Тем же вечером в гостиной Златовратских Опалинский, изящно и необыкновенно ловко вертя в пальцах бокал, спрашивал угрюмого Коронина:
– …Да пусть это сто раз благородно и неизбежно. Пусть есть какие-то профессиональные революционеры, которые ничему, кроме как бомбы и прокламации кидать, не обучены. Более того: всегда имеется в обществе накипь, истерики, люди с самомнением излишним, неудачники, не нашедшие себя. Они к любому протесту примкнуть готовы, лишь бы себя показать, крикнуть погромче, хоть и на эшафоте. Но ведь у вас своя жизненная стезя уже определилась. Вы ученым уж стали, в журналах по своей специальности печатались. Что ж вас-то туда потянуло – этого я понять не могу…
– Машенька Гордеева сегодня мне вашими словами говорила, – недобро ухмыльнулась Опалинскому Надя, сидящая на небольшой скамеечке у ног Коронина. – Ипполит Михайлович, ответьте ж ему…
Ссыльный учитель улыбнулся неровной улыбкой.
– Я с вами в политический спор вдаваться не буду, мы только пообщипаем друг друга да раздражимся, но ни к чему не придем, – неожиданно мягко сказал он, ласково взглянув на сидящую у его ног девушку. – Слишком разные у нас с вами начальные позиции. Я вам по-другому попробую сказать…
Есть жизненный этап, возможно определенный мужчине самой его биологической природой. В нашей культуре почти все образованное сословие через это проходит. А может, и в иных тоже, если по эпосам судить, но я с этой стороной плохо знаком. Я ведь, простите, больше по естественно-научной части… И все ж не минуло и меня… Чем бы ты ни был занят и какое бы благополучие тебя ни окружало, наступает час, когда нестерпимо хочется бросить все, пойти и подвиг совершить, мучаешься тем, что нет в тебе живого огня. После вспоминаешь, и многое кажется чужим и странным, словно и не ты жил. И горько смеешься над самим собою, но этот порыв, идущий из глубины естества, становящийся мучительно невыносимым… Его преодолеть невозможно, кроме как одним: пойти и сделать… Да мы с вами одного круга, одного образования, – (Серж поежился), – разве с вами того же не было? – Учитель доверчиво взглянул в переменчивые глаза «инженера».

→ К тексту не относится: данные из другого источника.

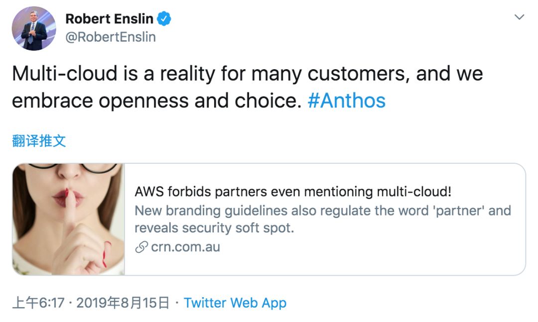 4月份以来出任谷歌云新任全球客户运营总裁的Robert Enslin昨天对这条推文回复如下:“对于许多客户来说,多云就是现实,我们拥抱开放和选择。”

Коронин был плохо выбрит и нелепо одет. Опалинский свеж, подтянут и румян. Минуя все рациональное, всем присутствующим в комнате вдруг стало ясно, что их «начальные позиции» и в самом деле различны. Надя осторожно погладила длинными пальцами шершавую руку Ипполита Михайловича.
«Пойти и сделать… – мысленно повторил Серж. – Да, конечно. Вот я пошел и деньги украл. Потом сбежал в Сибирь и нынче живу здесь под чужим именем…»
После такого оборота обсуждать уж ничего не хотелось, и разговор угас сам собой.
Глаза слезились от усталости и света тусклой лампы. Пыль от выцветших, аккуратно перевязанных папок взлетала клубами и щекотала в носу. Чихать хотелось беспрестанно. Прочитывая бумаги, Серж перекладывал их с левого конца обширного стола на правый. Стопка на левом конце не убывала. Время от времени инженер, неумолимый и безликий, как силы природы, вставал из-за стола, за которым работал он сам, подходил к сколоченным из досок стеллажам, задумчиво проводил толстым пальцем по корешкам, словно на ощупь определял их содержание. Потом точным, уверенным движением доставал одну или несколько папок:
– Вот, Дмитрий Михайлович, извольте… Это вам тоже важно будет. Здесь профили раскопов, почвоведческие анализы за тысяча восемьсот восемьдесят первый год. Карты и геодезические данные в самом конце, на кальке – копии, ежели захотите взять, поподробнее дома изучить – пожалуйста. Далее – чертежи гидромонитора, «гигантского брызгала» для промывания породы. Прожект господина Носова. Я там несколько возможных усовершенствований красными чернилами начертил. Ознакомьтесь, потом скажете, что думаете. Последнее – проект дороги ввиду разработки сопутствующих известковых залежей. Я здесь сомневаюсь. Мне было б важно ваше мнение услышать как технического экономиста. У нас в училище экономические вопросы, считайте, не преподавали вовсе. Не понимали простого: в Центральной России образованных инженеров много, можно позволить себе узкую специализацию. У нас же в Сибири каждый инженер просто жизнью вынуждается быть и экономистом, и геологом, и почвоведом, и даже охотоведом, если пожелаете… Впрочем, вы скоро сами во все это окунетесь. Я, конечно, последние книги и публикации прочел, но это ж – не сравнить. Если где не так понял, так и спросить не у кого. У вас же в столице все новые веяния, и опять же – лучшие преподаватели… Так что, когда разберетесь, не возьмите за труд, скажите мне…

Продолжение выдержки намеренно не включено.